As scientists learn how to use new and powerful tools to identify what is broken, or mutated, within individual cases of cancer, they are increasingly finding that cancers previously classified as being totally different (based on the organ in which the cancer started) have some major molecular similarities. This is important not just in understanding the basic biology of cancers, but in choosing new treatments based not just on where the cancer started, but also base on what’s broken. Finding these mutations in each individual cancer can also help doctors give much more accurate prognosis information.
This week, 2 more studies made headlines in analyzing genetic changes in endometrial cancer and in acute myeloid leukemia.

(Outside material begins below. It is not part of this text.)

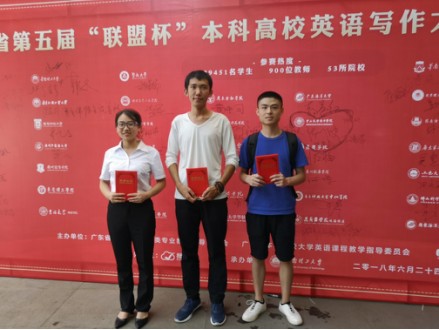 6月24日, 2018年广东省第五届“联盟杯”本科高校英语写作大赛决赛在华南理工大学举行。来自于广东省53所高校的155名选手参加了本届大赛决赛。KY官网郑铠忠同学获大学英语组一等奖(指导老师:潘文晗)、王赞滇同学获大学英语组二等奖(指导老师:程华明)、胡遥遥同学获英语专业组三等奖(指导老师:伍彩芬)。

In endometrial cancer, researchers saw that some types were genetically similar to some types of ovarian, breast, or colon cancers. They were able to use genetic changes to create 4 categories of endometrial cancer, and based on these categories help determine which cases of endometrial cancer were more or less likely to respond to traditional chemotherapy approaches.
In acute myeloid leukemia (AML), new genetics studies were able to show the presence of at least one potential driver mutation causing the disease in nearly all cases. Finding these sorts of driver mutations is critical, because blocking those particular mutations in each person’s individual cancer with new drugs is a way of personalizing their therapy and increasing the odds of a good outcome. Finding these mutations can also help doctors give a more accurate prognosis to each patient, and better guide patients on whether or not they might benefit from going on to bone marrow transplant.
We are in an exciting time of innovation in cancer. These early examples show us that we are on our way to a time in which we will use these genetic techniques to better understand each individual patient’s cancer to be smarter about prognosis and treatment.